International information
- National side: New Zealand (1987–1997);
- Test debut (cap 164): 4 December 1987 v Australia
- Last Test: 24 January 1997 v England
- ODI debut (cap 58): 31 October 1987 v India
- Last ODI: 13 November 1996 v Pakistan

Career statistics
| Competition | Test | ODI | FC | LA |
| Matches | 48 | 96 | 142 | 165 |
| Runs scored | 379 | 171 | 1,127 | 283 |
| Batting average | 8.42 | 9.00 | 10.94 | 8.08 |
| 100s/50s | 0/0 | 0/0 | 0/0 | 0/0 |
| Top score | 42 | 20* | 46* | 30* |
| Balls bowled | 10,064 | 4,586 | 13,298 | 7,862 |
| Wickets | 160 | 126 | 440 | 212 |
| Bowling average | 34.68 | 27.53 | 30.22 | 26.47 |
| 5 wickets in innings | 10 | 2 | 19 | 2 |
| 10 wickets in match | 0 | 0 | 0 | 0 |
| Best bowling | 7/89 | 5/34 | 7/82 | 5/34 |
| Catches/stumpings | 14/– | 19/– | 43/– | 31/– |
- Source: Cricinfo, 4 May 2017

= Danny Morrison (cricketer) =

New Zealand cricketer

Daniel Kyle Morrison (born 3 February 1966) is a New Zealand cricket commentator and former cricketer. He specialised as a pace bowler and was known for his useful outswinger. He made his Test debut for New Zealand in 1987 at the age of 21, playing against Australia.

==International career==
His most notable bowling accomplishment occurred on 25 March 1994 when he took a hat-trick in a One Day International (ODI) match against India. He is one of only three New Zealanders and twenty-two players worldwide to have taken an ODI hat-trick.

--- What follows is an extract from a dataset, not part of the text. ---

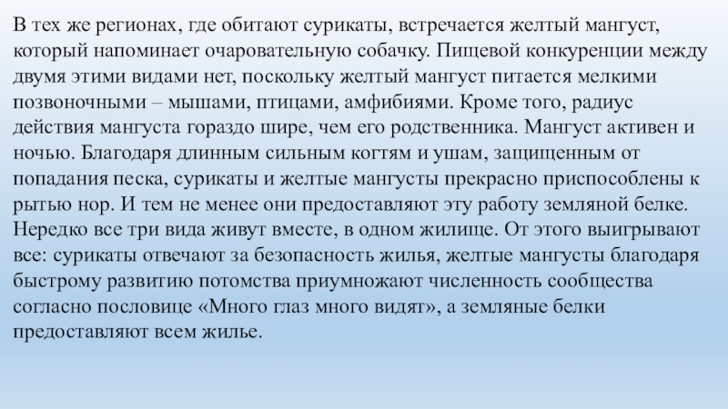 Слайд 12В тех же регионах, где обитают сурикаты, встречается желтый мангуст, который

On 28 January 1997, Morrison made his final appearance for his national team, contributing 14 runs in a 106-run partnership with Nathan Astle for the tenth wicket against England, which saved the match. He was dropped from the team after the match.

During his international career, Morrison represented New Zealand in three Cricket World Cups: 1987, 1992, and 1996.

==After cricket==
Since his departure from international cricket, Morrison has been employed in numerous cricket-related positions. These include:
- Commentator of TVNZ, Sky Sports and Fox Sports
- Commentator of the Indian Premier League
- Commentator of the Bangladesh Premier League
- Commentator of the Pakistan Super League
- Commentator of the Caribbean Premier League
- Commentator of the Abu Dhabi T10 League
- Host of Sky Sports "Cricket Company" show for 7 years
- Host of radio show on Radio Sport for 6 years
- Charity work including the 'Fight for Life' – Meningitis appeal
- Involved in coaching for schools and clubs
- Guest speaker
- Batter/Bowler for the official New Zealand Beach Cricket team in 2008 and 2009

==Personal life==
Morrison currently lives on the Sunshine Coast, Australia, moving there in 2006 with his wife, Kim Morrison and children, Jacob and Tayla.

==Autobiography==
Morrison released an autobiography after his retirement named Mad As I Wanna Be that was published in 1997. This received generally positive reviews although outspoken New Zealand Cricket commentator Richard Whiting described the overall tone of the book as 'mental'. He has also written a book called the Danny Morrison Junior Cricket Diary as an aid for aspiring young cricketers.